Food
I decided to forego travel book wisdom and eat anything I was served. I eventually paid for this, but only on the last day of our trip (making for unpleasant travel). But it was worth it.
After you’ve tasted an Ecuadorian banana, the greenish spears in the states seems just plain wrong. The fruits from these countries is the manna of some benevolent god—always ripe, sweet and delicious. Same is true for the vegetables. Ditto on the seafood.
Every morning I drank a jugo de tomate de arbol—a juice made from tree tomatoes. They look like rosy Christmas tree bulbs, and are sweeter than their kin on the vine. I couldn’t get enough of ceviche—a soup made of shrimp cooked by lime juice, not fire. I steered clear of the meat, but gazed on it with fascination. My favorite was the pork skin, fried and cut off of the carcass with the head still attached. Fish often still had their heads too.
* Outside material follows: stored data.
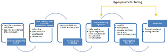 Machine learning (ML), as a branch of artificial intelligence, is instrumental in crafting models that learn from data autonomously, without direct programming. Among these, tree-based ML algorithms are particularly appreciated for their straightforwardness and clarity, making the decision paths visual and interpretable. Decision trees stand out by mapping decisions through nodes and labels, ensuring not only high accuracy in classification but also clear presentation of information, which is crucial in healthcare decision-making [30,31]. However, challenges such as overfitting can arise from small data sets. Techniques like random forests and boosted decision trees are therefore employed to overcome these hurdles, offering improved prediction accuracy through a detailed examination of the interconnections among variables in the dataset [32].
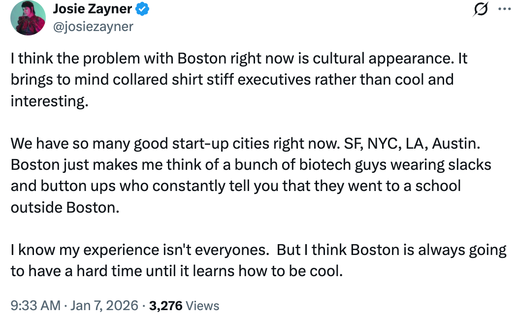 Boston, like its dominant industries, is deeply uncool and allergic to fun. Boston is full of stuck up nerds that are too smart for their own good looking down on literally everyone. Anything exuberant, playful, weird, ambitious, or even a little bit silly is shunned and shamed. There is a deeply ingrained belief that good work should be serious and silent, buttoned up, and absolutely not fun, and that by extension, if you’re having fun and telling people about it you must be up to no good. Why would anyone want to come and build with us?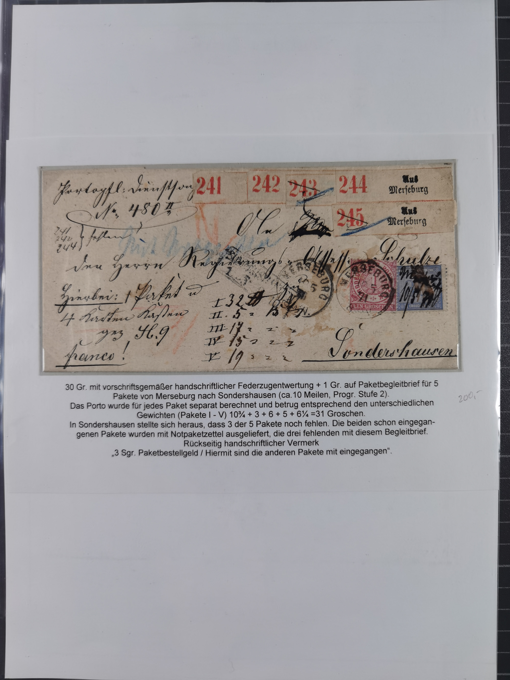 “MAGDEBURG 13.MÄRZ.68” (Spalink 23) mehrfach klar auf drei Einzelmarken Norddeutscher Postbezirk 1 Gr. durchstochen als tarifgerechte Mehrfachfrankatur auf Paketbegleit-Briefkuvert für ein 3 Pfund ⅔ Loth schweres Paket nach Nordhausen mit Ausgabestempel. Die farbfrischen Marken sind bis auf die linke untere Marke in einwandfreier Erhaltung, der Umschlag ist rückseitig nicht ganz komplett. Trotz dieser Einschränkungen eine außergewöhnliche Verwendung mit diesem auf frankierter Post äußerst seltenen Hufeisenstempel, signiert Spalink BPP mit Fotoattest (1987)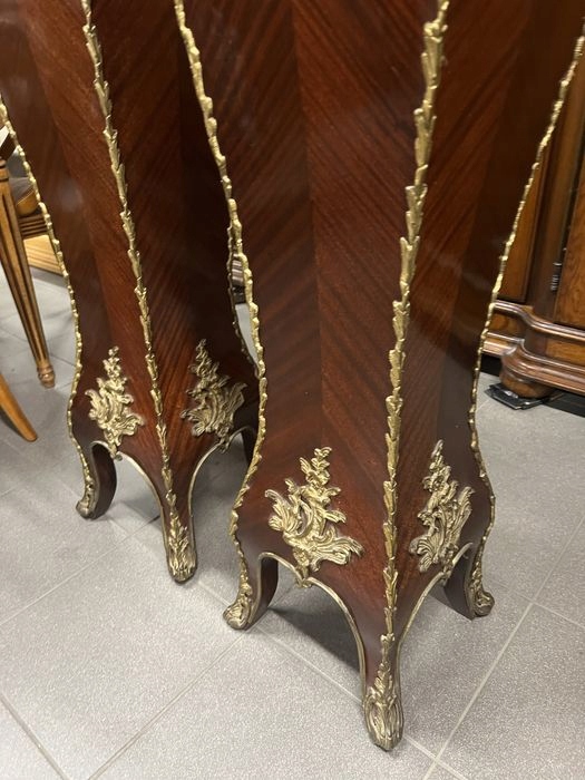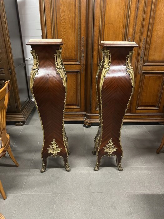 Предмет продажи — 2 колонны в стиле барокко. Очень хорошее состояние. Мраморные столешницы, латунная фурнитура. На них видны легкие следы времени. Цена указана за штуку. Возможность покупки в рассрочку. Возможен транспорт или личный самовывоз. Товар доступен в магазине в Пионках.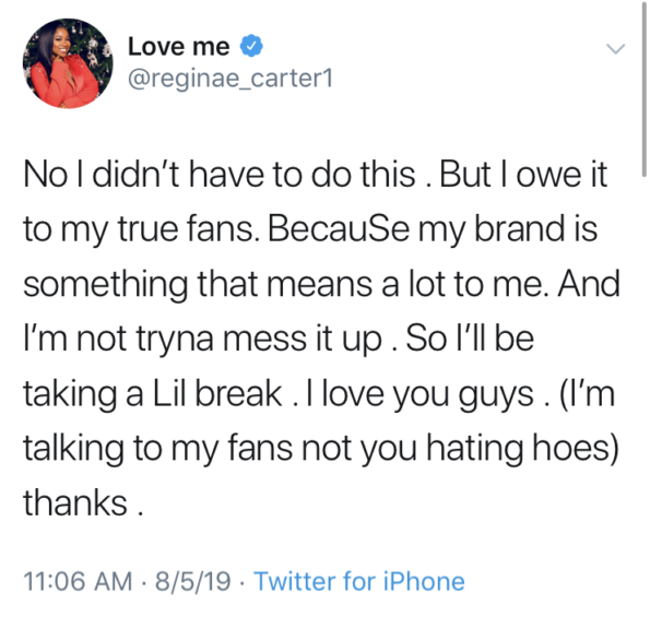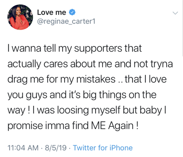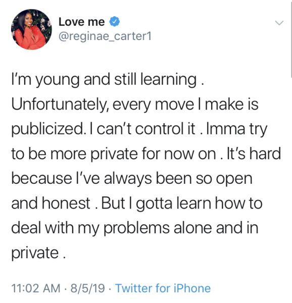 Reginae took to Twitter to acknowledge that insecurities within her relationship led her to follow him to that party, and she didn’t like what she saw. She apologized to fans for allowing her to see it unfold. She tweeted: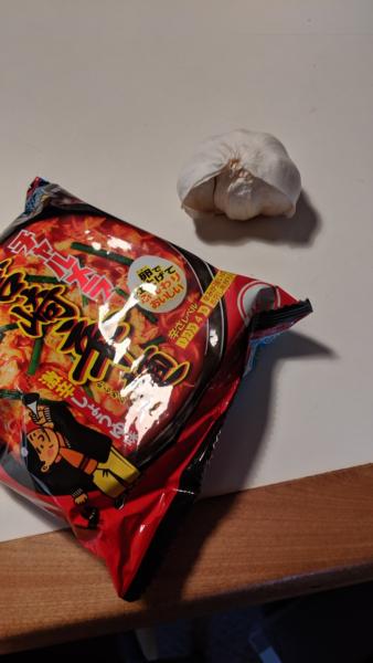 目一杯ニンニク! 一応野菜たっぷり 誰も居ないんで 家じゅうニンニクの臭いに しばらくぶりに ニンニクイッパイのラーメン定食! しばらくニンニクくさいですね!
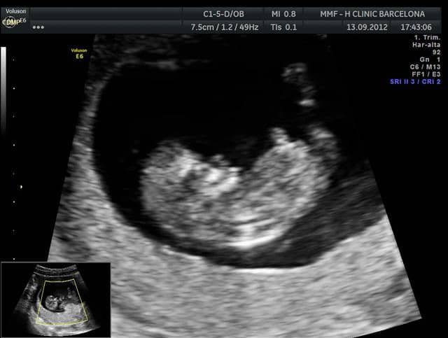 A las 10 semanas de embarazo el embrión ya mide unos 23 milímetros. Ecografía de la semana 10. Orejas nariz párpados.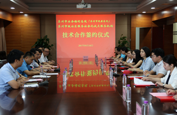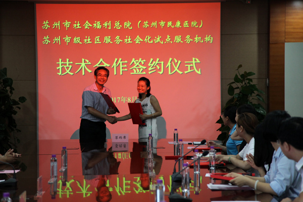 8月10日上午,苏州市社会福利总院(苏州市民康医院)与12家苏州市级社区服务社会化试点服务机构技术合作签约仪式在我院举行。市民政局副局长胡跃忠、社会福利与慈善事业处副处长高云出席签约仪式,我院孙惠忠院长、许丽芳副院长、精福中心专家团队和苏州工业园区行知社工发展中心、太仓市瑞恩社会工作发展研究中心、苏州市清流社工服务中心等12家市级社区服务社会化试点服务机构负责人参加签约仪式。仪式由市民政局社会建设工作处副处长戴参主持。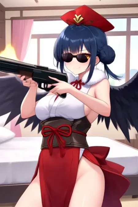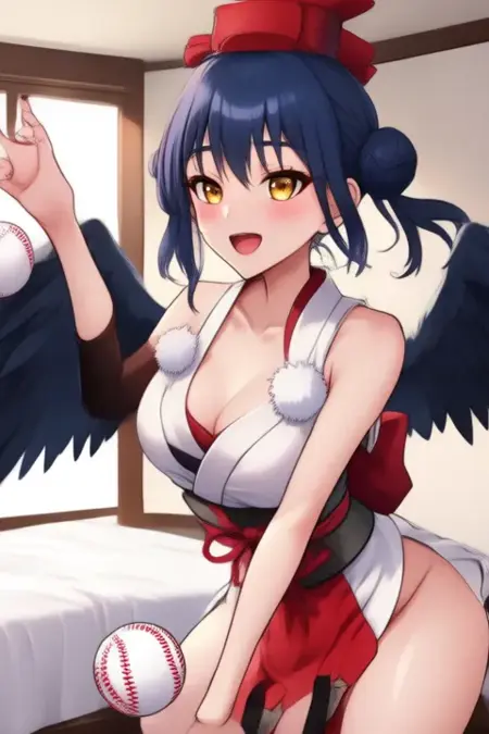 샘플 프롬프트: Yamagami Karuta, 애니메이션 스타일 소녀. 이미지는 두 쪽 머리 옆에 두 개의 뾰족한 단발머리를 가진 어두운 파란색 머리카락을 가진 애니메이션 스타일 캐릭터를 특징으로 합니다. 그녀는 황금색 눈을 가지고 있으며, 흰색 상의에 빨간색 액센트와 빨간 치마로 구성된 전통적인 일본 복장을 입고 있습니다. 복장에는 허리에 매인 빨간 띠와 매칭되는 빨간 리본이 달린 빨간 모자가 포함되어 있습니다. 캐릭터는 목에 흰색 털처럼 보이는 장식을 가지고 있으며, 등 뒤에서 커다란 검은 날개가 뻗어 있습니다. (그녀는 춤추고 있음:2.5), (치비 넌도로이드:3.5) 침실에서.

While in the jungle, Todd ate a piranha that watched him de-bone its sides.
But Peru’s national liquor—pisco—topped
all. The strong stuff, made from fermented grapes, was mixed in everything.
And it was abundant. A group of workers rallying outside of their closed workplace
went so far as to set up a tray of pisco sours as a benefit for their cause.
For $2, you could get a drink and support the revolution.
Fresh fish in an market in Quito.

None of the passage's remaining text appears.